Data Preservation Case Study: AT&T 6312 WGS

Posted by Trixter on May 27, 2012


One of my hobbies is taking old IBM PCs (and clones) and restoring them.  “Restoring them” can mean anything, but for me, it usually means these three things:

  1. Get the hardware functional and booting up
  2. Archive the data off of any internal hard drives
  3. Wipe the hard drives clean and set it up for appropriate use

I did that last night to a new acquisition, an AT&T 6312 WGS.  This is one of the later “workstation”-class 286 machines that AT&T OEM’d from Olivetti, and I got it from a former AT&T/Teletype/Lucent employee (which is common, since they sold them to internal employees at a discount.  If you want to learn more about AT&T and their computer history, check out a video I made on the AT&T PC 6300.)

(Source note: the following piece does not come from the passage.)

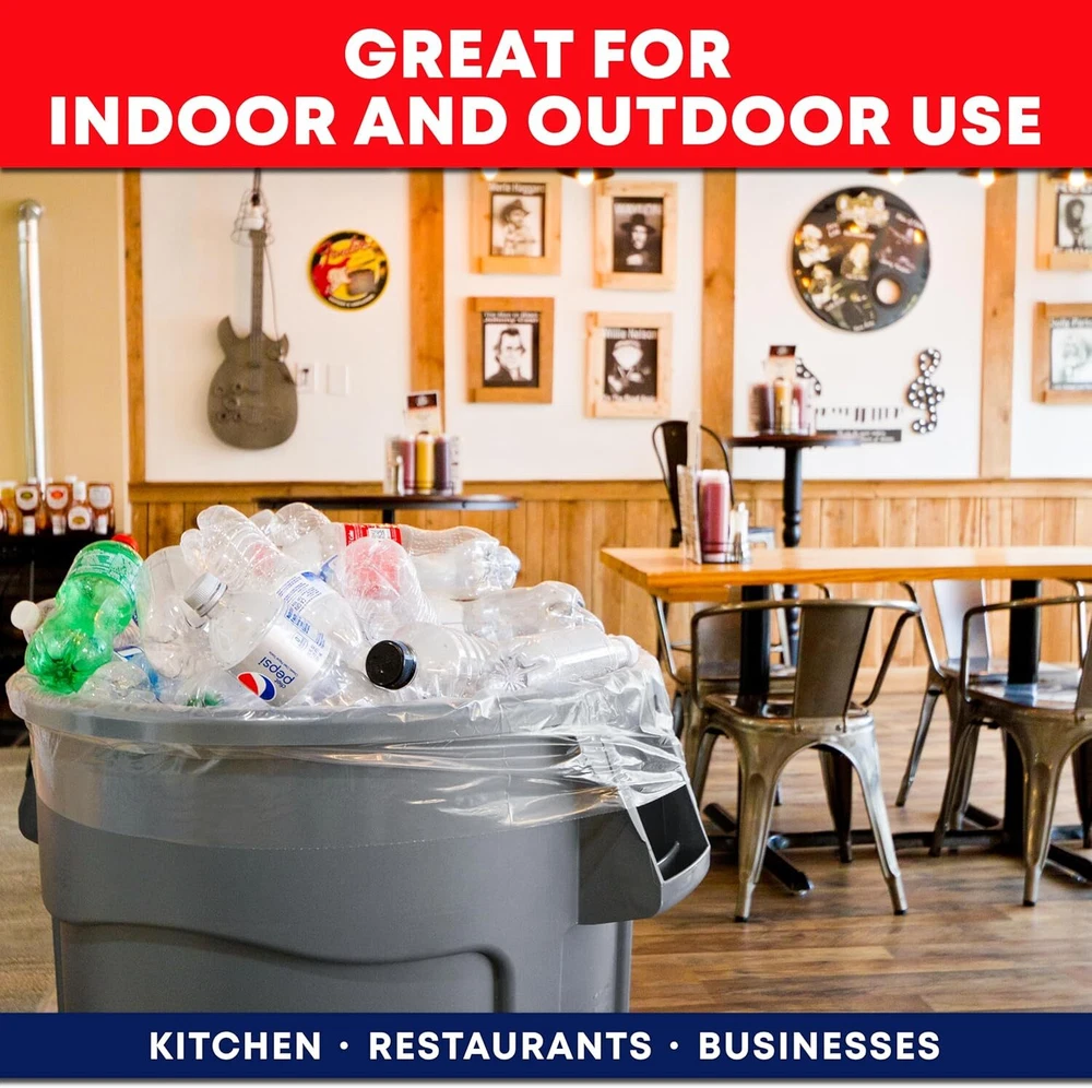 These oversized garbage bags are crafted from quality plastic materials, making them perfect for holding all your lightweight and moderate trash. With a durable design, these 64-65 gallon trash bags can be used at home, in the office, or as liners for outdoor trash cans. Extra large - Keep your cans clean - our large heavy duty trash bags are just the right size for lining your big outdoor toter cans, rollaway bins, and drum cans. Come garbage day, just pull out the bag and you’re good to go! Star seal bottom - Our heavy duty trash bags feature a durable gathered seal at the bottom, designed to hold more weight and prevent leakage. No need to double bag your trash when you use our big trash bags! Heavy duty capacity, These heavy duty trash bags are designed to hold more garbage and accommodate large volumes of waste, which means less bags used and fewer trips to the dumpster. Contractor bags perfect for job sites, construction, and yard waste bags. These heavy duty trash bags are designed to hold more garbage and accommodate large volumes of waste, which means less bags used and fewer trips to the dumpster. Contractor bags perfect for job sites, construction, and yard waste bags.

Step 1: Get the hardware functional and booting up

On opening it up, I saw both an internal hard drive and a second hardcard, a Western Digital PS30 which was a 32MB drive+card meant for the PS/2 Model 30.  I also saw a rechargeable battery pack, long since depleted, and sure enough, on bootup, the 6312 complained that it had no idea what the date/time was or what hard drive was installed in the system.  Furthermore, the PS30 hardcard started executing its option ROM at CA00 but then later spat out the dreaded 1701 error message, indicating that the drive was non-functional.  Fixing this requires the setup disk for the 6312 (which it helpfully barked at me during the BIOS POST), and thankfully NCR still had it available for download.  But when I got the file, I noticed with frustration that it was not a bootable disk image, but rather just a collection of files that came from the original bootable disk — and it had a specialized COMMAND.COM, which means they likely wouldn’t run by themselves and needed the specific boot disk environment to work.  You can’t just copy the DOS kernel files IBMBIO.COM and IBMDOS.COM to a disk and expect them to boot properly without a lot of work (usually the SYS command does this, but only for the DOS you currently have booted, so that wouldn’t work for me).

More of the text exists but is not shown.